Breaking News

RISKA yang Kukenang

Oleh: Satria hadi lubis

DI Menteng Jakarta Pusat, ada remaja mesjid yang eksis dari tahun 70-an sampai sekarang, namanya Remaja Islam Sunda Kelapa (RISKA). Remaja mesjid ini cukup terkenal di Jakarta dan sudah melahirkan puluhan ribu alumninya, yang tersebar di seluruh Indonesia.

Alhamdulillah, saya beruntung pernah menjadi pengurus RISKA di tahun 1987-an setelah selesai ikut Studi Dasar Terpadu Nilai Islam (SDTNI) angkatan IV di RISKA. Saya sendiri baru tertarik untuk belajar Islam pada akhir kelas tiga SMA di tahun 1984, tapi waktu itu hanya ikut pengajian umum atau tabligh akbar secara sporadis dengan ustadz yang bergonta ganti. Biasanya ustadznya yang terkenal dan pintar ngelucu. Jangan bicara tentang sistematika materi dan rutinitasnya, tentu hal tersebut sulit dijumpai di pengajian umum atau tabligh akbar.

Di RISKA, saya dan beberapa teman-teman pengurus sering berdiskusi tentang bagaimana cara ber-Islam yang benar dan moderat. Salah satu kesimpulannya adalah kita perlu belajar Islam secara serius dengan mengikuti tarbiyah (halaqoh atau liqo’). Jadi belajar Islamnya perlu sistematis, rutin, dengan model mentoring. Dalam teori fiqhud dakwah, pengajian umum itu seperti pelajaran matrikulasi (pengantar), sedang “sekolah” sesungguhnya ada di liqo atau halaqoh, yang sistemnya seperti di sekolah umum formal, tapi dalam format yang lebih sederhana dan informal.

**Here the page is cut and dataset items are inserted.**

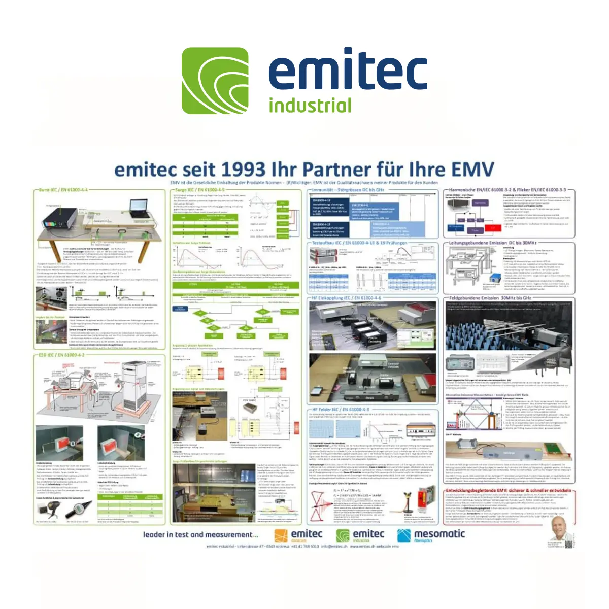 Das Emitec EMV-Poster leitet Sie bei den wichtigsten EMV-Prüfungen an. Bestellen Sie Ihr EMV-Poster in der Grösse A0 und bleiben Sie informiert über den Aufbau und Ablauf der gängigsten EMV-Prüfungen und -Tests.
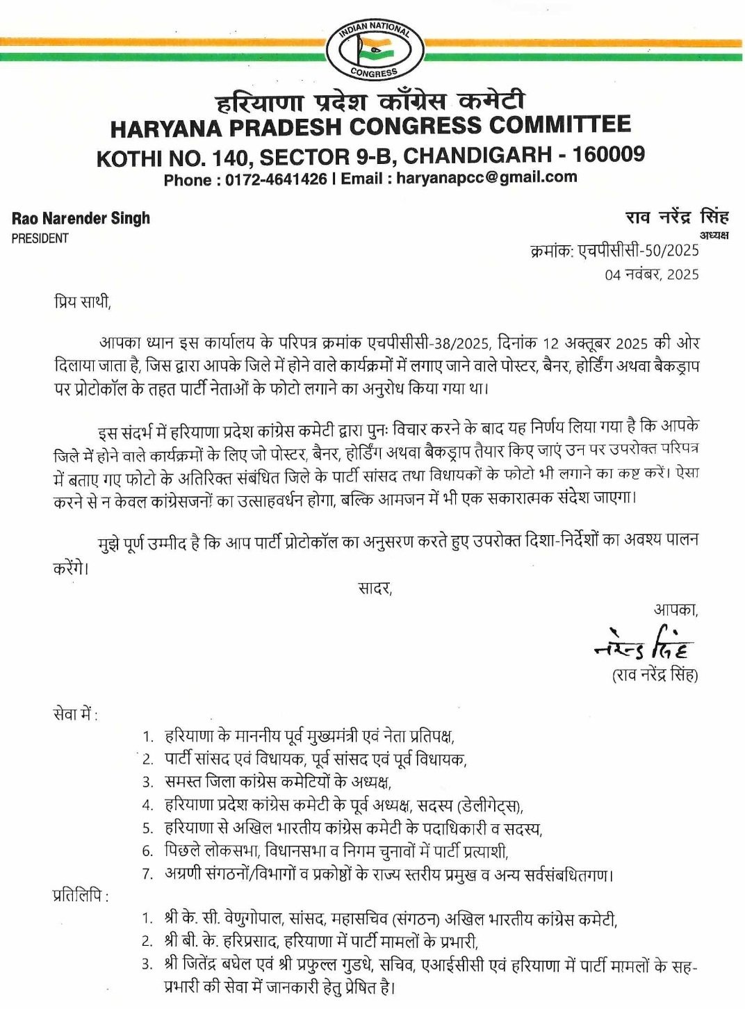 पद संभालते ही 10 नेताओं के फोटो का आदेश दिया था हरियाणा कांग्रेस गुटबाजी से बचने को नए-नए पैंतरे आजमा रही है, मगर गुटबाजी कम होने का नाम नहीं ले रही। राव नरेंद्र के नए प्रदेशाध्यक्ष के रूप में पदभार संभालने के बाद कांग्रेस ने 12 अक्टूबर 2025 आदेश जारी कर कहा था कि हरियाणा कांग्रेस के किसी भी प्रचार सामग्री में केवल 10 नेताओं की ही तस्वीरें होंगी।
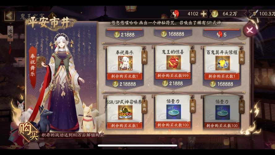 获取方法:想要获得稻荷神御馔津的奉祝舞乐皮肤,你需要参加游戏中的“鬼王之宴”活动。在活动中,你需要努力赚取战功,当战功达到80w时,就可以在活动商店“平安市井”中,花费218888鬼王的馈赠来解锁这款皮肤啦!记得,这是活动免费奖励哦,不需要额外充值。
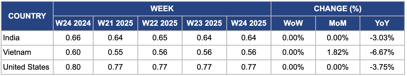 In W24, US rice prices remained unchanged WoW and MoM at USD 0.77/kg but registered a 3.75% YoY decline. This decrease primarily reflects improved production conditions in key rice-producing states like Arkansas and California, which boosted domestic output and eased upward price pressure. Unlike the 2024 season, when droughts and disruptions along the Mississippi River strained logistics and elevated costs, the 2025 season has seen more favorable weather and smoother supply chain operations. Furthermore, the US has faced tough competition from leading exporters such as Vietnam and India, whose more competitively priced rice has reduced demand for US shipments. Despite stable domestic consumption, increased supply and reduced export demand drove prices lower than the previous year.
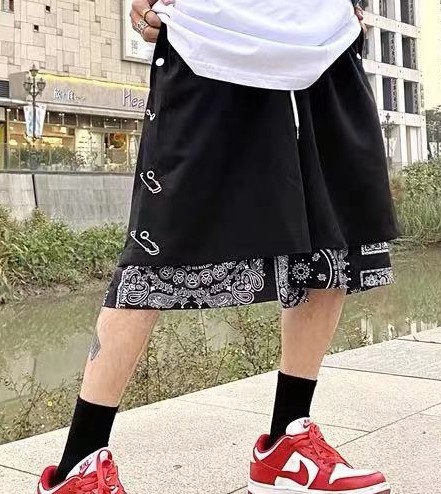 シルバーピン付ペイズリーハーフパンツズボンボトムスパンツジャージ半ズボン黒ブラックゴムハイウエストひざ丈膝上ワイドゆったり大きいサイズダンス衣装ヒップホップメンズレディースストリート奇抜派

Dari hasil diskusi yang intens di RISKA tersebut, lalu saya dan beberapa pengurus mencari tarbiyah. RISKA sendiri waktu itu belum ada program yang mengarah ke tarbiyah. Ini hanya inisiatif pribadi saja dari beberapa pengurus yang se “visi” tentang pentingnya ikut tarbiyah. Qodarullah, jadilah saya dan beberapa teman pengurus RISKA mengikuti tarbiyah di luar RISKA. Sejak itulah saya “hijrah” menjadi muslim (yang berusaha) kaffah dan turut serta memperjuangkan Islam (menjadi da’i)….insya Allah.

Pengalaman di RISKA 34 tahun yang lalu itu terus membekas di dalam hati saya. Sebab disitulah saya paham betapa pentingnya lingkungan untuk menjadi orang baik. Sebab disitulah saya pertama kali “jatuh cinta” kepada Islam (tapi saya gak dapat jodoh disitu ya hehe…karena istri saya bukan aktifis RISKA).

Kini RISKA tetap eksis di usianya yang menjelang 50 tahun. RISKA telah membuktikan bahwa remaja mesjid itu bukan organisasi abal-abal. Berbagai kegiatan RISKA yang pas untuk anak muda sudah dirasakan manfaatnya oleh puluhan ribu alumninya, yang mungkin akan menjadi kenangan manis sampai kakek nenek. RISKA telah menjadi perantara dari datangnya hidayah Allah bagi banyak orang yang pernah menjadi peserta atau pengurus RISKA. Kini alumni RISKA berhimpun dalam sebuah paguyuban bernama KARISKA (Keluarga Besar Riska).

(Foto-foto : Dok. Satria hadi Lubus)

Bagi teman-teman yang ingin tahu tentang RISKA, mungkin untuk studi banding bagi remaja mesjidnya. Atau bagi yang tinggal di Jabotabek, mungkin untuk memasukkan anak remaja atau kenalannya ke RISKA bisa melihat dinamika kegiatan RISKA di website atau media sosialnya.

Saya berdoa semoga RISKA tetap jaya dan adik-adik pengurus RISKA yang sekarang tetap mampu menjaga “warisan” RISKA, yaitu sebagai organisasi remaja mesjid yang asyik untuk bergaul bagi anak muda sambil terus belajar Islam. Barakallahu fiikum!

Some memories are unforgettable, remaining ever vivid and heartwarming!